Architecting a vSphere Compute Platform : Scalability and Designing Physical Resources : 5.4 Converged and Hyper-Converged Infrastructure
   
5.4 Converged and Hyper-Converged Infrastructure
As 10-Gbps Ethernet has grown and has become a widely accepted standard for deploying data center networks, so has the concept of converged infrastructure. The converged infrastructure approach packages or integrates networking and storage technologies into an easily consumable, deployable, and manageable solution. Data Center Bridging (DCB), also sometimes referred to as Converged Enhanced Ethernet (ECC), merges traditional Fibre Channel and Ethernet networks. While traditional 10-Gbps Ethernet supports IP SAN technologies, such as iSCSI and NFS, Data Center Bridging also supports the Fibre Channel over Ethernet (FCoE) protocol over the same physical cabling infrastructure. With FCoE you get a unique combination of the functionality and reliability offered by Fibre Channel with the flexibility of integrated Ethernet.
Figure 11. Converged Infrastructure
 
Converged infrastructure is typically deployed and aligned with a specific hardware vendor’s technology, such as Cisco UCS or HP BladeSystem. This converged approach aims to combine multiple types of resources into a single logical management entity by collapsing the traditional silos of IT infrastructure. This brings with it several distinct advantages, such as less cabling, reduced hardware stack, and improved flexibility and visibility from a single pane of glass.

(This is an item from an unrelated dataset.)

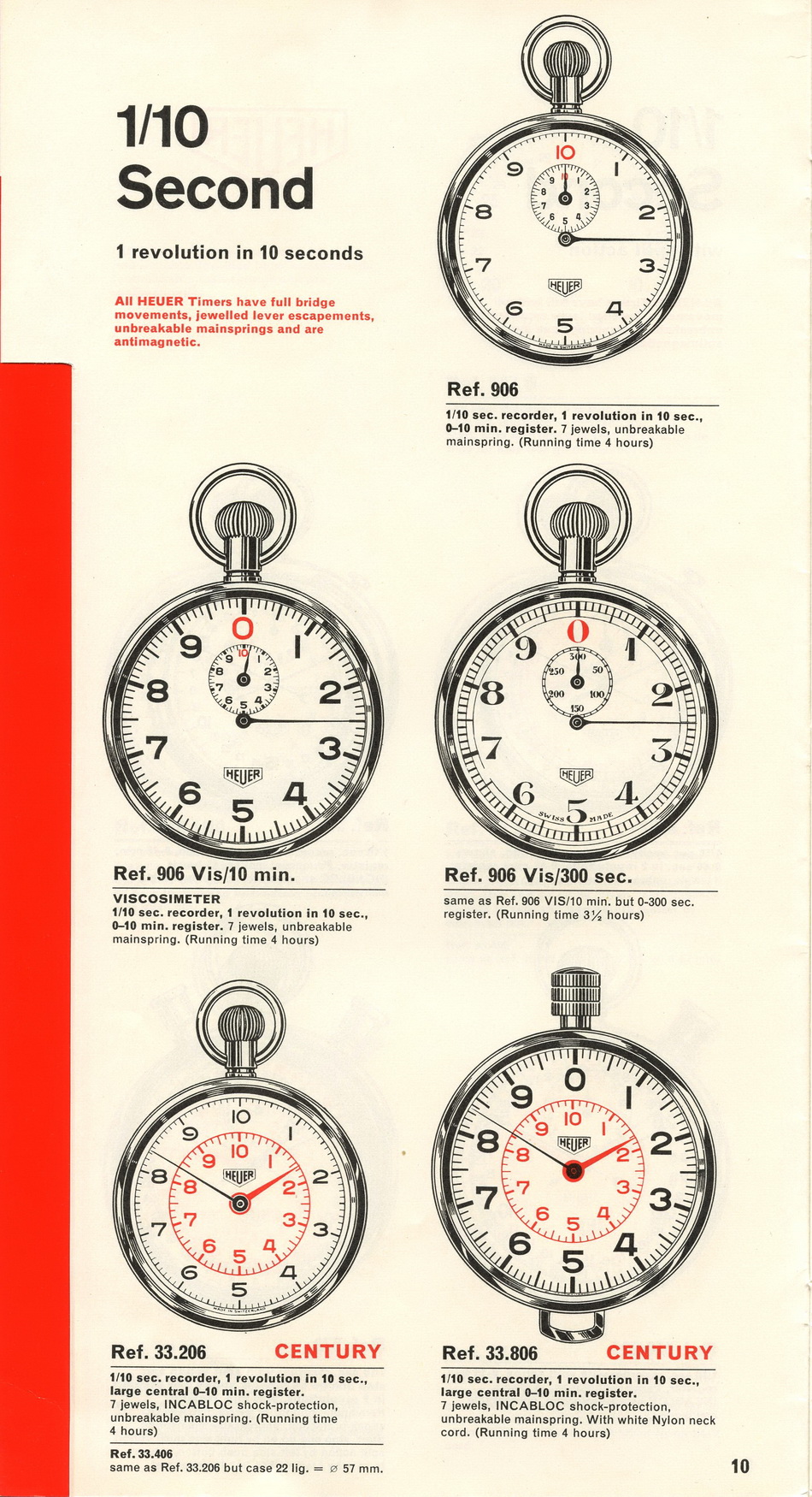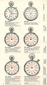Describing all the unusual stopwatches in any particular catalog would be an endless task. On page 10 of the 1961 catalog, we see five stopwatches that have 1/10 second timing, with the second hand making one revolution in 10 seconds. The Reference 906 Vis (Viscosimeter) has a capacity of 10 minutes and a running time of 4 hours; the Reference 906 Vis / 300 seconds has a capacity of 300 seconds (five minutes) and running time of 3-1/2 hours. We can assume that these stopwatches were used for some scientific or industrial application relating to viscosity.

Hyper-convergence takes this concept to the next level by grouping compute, storage, and networking into a single virtual computing appliance, with no need for a remote storage array. In the hyper-converged infrastructure, the storage controller function is running on each compute node in the vSphere cluster. The internal server disks on the ESXi hosts provide scalable-shared storage with cloud agility, efficiency, scalability and resilience. The VMware implementations of hyper-converged infrastructure include VMware EVO:RAIL™ and its larger relative system, VMware EVO™ SDDC™.